Now, as we have developed a final model, we will test whether our predictions do also perform well on new unseen data. Hence, we will test the model’s performance on our hold-out data partition. As usual, the confusion matrix is based on a risk-score cutoff of 0.5. The AUC of 0.98 on the test data confirms that the model generalizes well on unseen data.
# Fit new best model once on test data at the final end of the process:
test_results <- xgb_sa %>%
extract_workflow() %>%
finalize_workflow(xgb_sa %>% select_best()) %>%
last_fit(split = diabetes_split)
# create predictions:
test_p <- collect_predictions(test_results)
# confusion matrix:
conf_mat <- conf_mat(test_p, diabetes, .pred_class)
p5a_diab <- conf_mat %>%
autoplot(type = "heatmap") +
theme(legend.position = "none") +
labs(title='Confusion Matrix')
#AUC overall
auc <- test_p %>%
roc_auc(diabetes, .pred_1, event_level = "second") %>%
mutate(.estimate=round(.estimate, 3)) %>%
pull(.estimate)
#ROC-curve
roc_curve <- roc_curve(test_p, diabetes, .pred_1, event_level = "second")
p5b_diab <- roc_curve %>%
autoplot() +
annotate('text', x = 0.3, y = 0.75, label = auc) +
theme_minimal() +
labs(title='ROC-AUC')
#combine both plots:
p5_diab <- p5a_diab + p5b_diab + plot_annotation('Figure 5: Evaluation on Test Data')
ggsave(p5_diab, file="cl_diabetes/p5_diab.png")

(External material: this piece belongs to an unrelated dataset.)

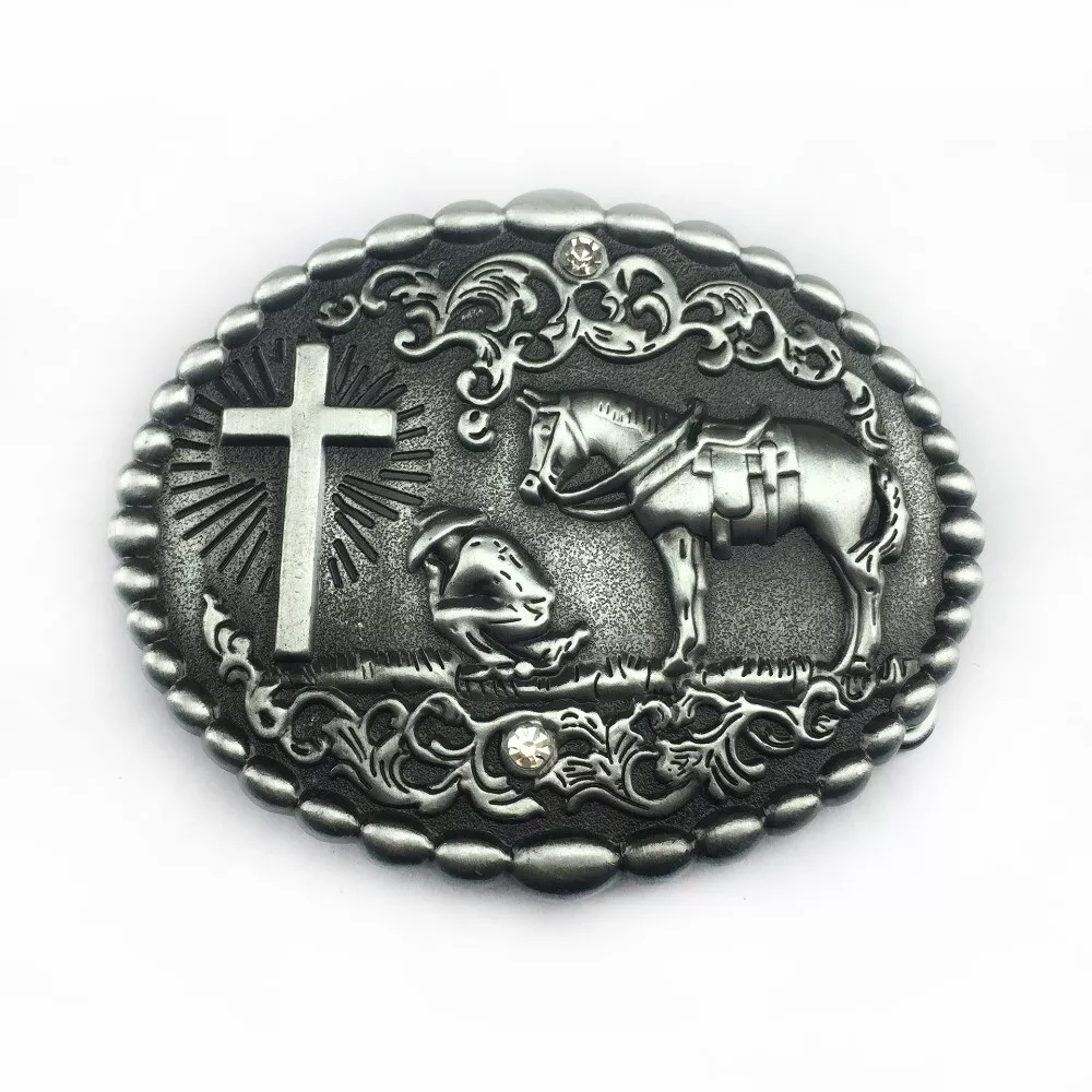 Men's Western Cowboy Belt Buckle Large Rodeo Casual Wear Cross Prayer Horse Oval

However, it is important to note that, despite evaluating the model with hold-out data at the end of our pipeline, this toy example cannot completely rule out the possibility of data leakage (eg. Kapoor and Narayanan 2023), which could bias our findings.

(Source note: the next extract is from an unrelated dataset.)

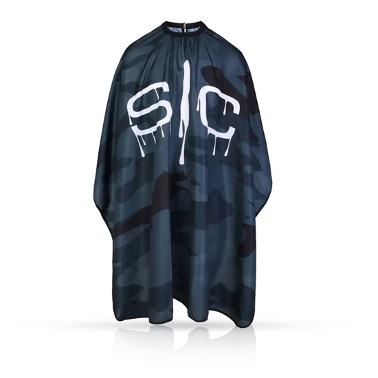 Pelerina de frizerie/coafor cu model camuflaj in nuante de negru si gri (si logo STYLECRAFT) aduce un aer sofisticat si modern in salon. Designul sau inspirat de pattern-urile militare ofera un look contemporan, perfect pentru stilistii care doresc sa combine stilul cu functionalitatea.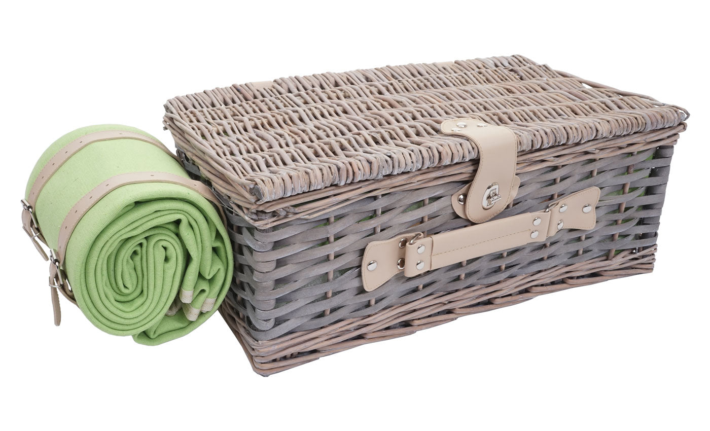 Panier pique-nique pour 4 personnes panier en osier acier inoxydable porcelaine gris-vert

We did a comparative analysis of different machine learning classifiers to predict diabetes with some medical risk factors using the tidymodels framework. Then we showed how to further improve the best model (in our case XGBoost) using iterative grid search before validating the model on test data. In addition, we applied visualization methods to better understand how the predictions are generated. Overall, we see that machine learning methods can fruitfully support medical decision-making, if the model is well developed, validated, and integrated carefully into the application of interest.